If some one could try double grinding, I would appreciate knowing how it turns out. I was considering getting the attachment for my K. A. mixer, but am reluctant with the reports given.


----------



## Mulegirl (Oct 6, 2010)

We have the grinder, which is pretty good, and a grain mill--the Family Grain Mill, not the actual KitchenAid one--which we use at least twice a month, depending on how much baking I'm doing. It doesn't grind incredibly fine the first time through, but since I always mix whole-grain and white flour, it doesn't bother me at all. It did grind more finely the few times we did a second run-through.


----------



## dizzy (Jun 25, 2013)

FarmChix said:


> Not so much an attachment, but I find I use the splash guard a LOT! When you are making bread, it sure keeps the flour from flying!

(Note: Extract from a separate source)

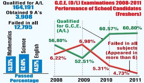 More than five per cent of the candidates who sat the GCE O/L examination in December last year have failed in mathematics, Education Ministry statistics revealed yesterday. According to these statistics only 55.3 per cent or 148,940 students had passed in mathematics last year while 60.3 per cent or 269,167 of the students had passed this subject in 2010. Education Minister Bandulla Gunawardene told a media conference that memorizing the periodic tables would be made compulsory for all students. He said Tamil medium students had a better knowledge of periodic tables than the Sinhala medium students and assured he would setup mathematics labs in 1,000 schools under the government’s special development programme. The minister said with a 62.4 per cent passing in Science and 44.5 per cent in English the pass rate had improved last year when compared with the previous year, which had a pass rate of 61.7 per cent in Science and a 42.3 per cent pass rate in English. Nearly 2,001 students in the Western Province obtained 9-As while 507 students obtained 9-As in the Southern Province, 462 in the Central , 103 in the Northern, 148 in the Eastern and 291 in the North Western Province. Eighty four students had obtained 9-As in the North Central Province with 86 in the UVA Province and 226 in the Sabaragamuwa Province. Nearly 2,692 students in the Western Province had failed in all subjects while in the Northern Province 646 had failed in all subjects had the lowest number of such failures. The minister said the results of 462 students had been withheld and of this number 32 students have been from Neluwa Vidayalaya in the Galle District. Results had been withheld for various reasons and he said inquiries would be held to find out why this happened. Visaka B. M. V. student Udeshika Hettiarachchi came first in the Island while Anusha Perera of Science Vidyalaya was placed second. Third place was shared by Bharatha Rankothge of Dharamaraja Vidyalaya Kandy and Samandika Wimalaratne of Pinnawala MMV Rambukana. Source: Daily Mirror - Sri Lanka

I think this is going to be the first thing I get. Made bread today, and had flour going all over!


----------



## gimpy (Sep 18, 2007)

Not to be a downer but...

Actually Kitchenaid discontinued their, "meat grinder," many years ago. If you want one, check amazon and ebay for vintage kitchenaid meat grinders. Those are all metal and won't burst if you inadvertently drop a bone down in it. What they now have are, "food grinders," which are made of plastic and not nearly as sturdy.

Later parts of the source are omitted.